Why cout is not giving output for string?

Question

My code is not giving st in output. There is no compilation error but there's no output either.

#include <bits/stdc++.h>
using namespace std;
int main() {
    string s;
    cin>>s;
    string st;
    int j=0;
    transform(s.begin(),s.end(),s.begin(),::tolower);
    
    for(int i=0;i<s.size();i++) {
        if(s[i]!='a' && s[i]!='e' && s[i]!='o' && s[i]!='u' &&s[i]!='i') {
            st[j++]='.';
            st[j++]=s[i];
        }
    }
    cout<<st<<endl;
}

Answer 1

st[j++]=... writes beyond the end of the allocated space for the string and is undefined behaviour. It also overwrites the string's terminating nul character.

Instead, you want:

st.push_back (...);

or:

st +=...;

Answer 2

 transform(s.begin(),s.end(),s.begin(),::tolower);

This is actually wrong. ::tolower is deceptively difficult to use. The problem is:

• The parameter of ::tolower is int.
• The behaviour is undefined if the argument is not representable as unsigned char.
• char may be a signed type, and thus its value isn't necessarily representable as unsigned char. Passing such char value would result in undefined behaviour.

The solution is to convert the char typed character into unsigned char before passing into ::tolower . Example:

std::transform(s.begin(), s.end(), s.begin(), [](unsigned char c) {
    return ::tolower(c);
);

Note that ::tolower processes one code unit at a time, and thus cannot work correctly with variable width character encodings such as Unicode.

---

The other, more obvious bug is:

 string st;

That's an empty string.

 st[j++]='.';

Here, you access the empty string outside of its bounds.
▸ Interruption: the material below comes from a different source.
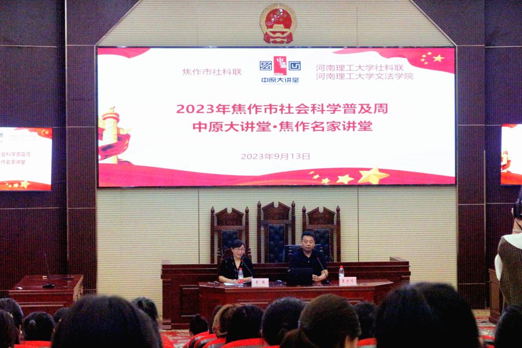 9月13日下午,社科普及周中原大讲堂焦作名家讲堂系列讲座在北校区模拟法庭举行。此次讲座由焦作社科联、河南理工大学社科联和文法学院主办。焦作市诗词学会秘书长、焦作市作协副主席李乐观老师应邀做了题为“云台山下的魏晋风度”的精彩讲座,讲座由文法学院副院长曹爽主持。

The behaviour of the program is undefined.

A solution is to instead use:

st += '.';

Answer 3

Try using st.push_back() while dealing with things in which out of bound error can occur like string and vectors. That way you won't need to declare the size of array and can add elements easily. Do something like

string s ="wpfk"; // Taken anything, you can take by cin too.
string st;

and

for(int i=0;i<s.size();i++)
    {
        if(s[i]!='a' && s[i]!='e' && s[i]!='o' && s[i]!='u' &&s[i]!='i')
        {
            st.push_back('.');
            st.push_back(s[i]);
        }
    }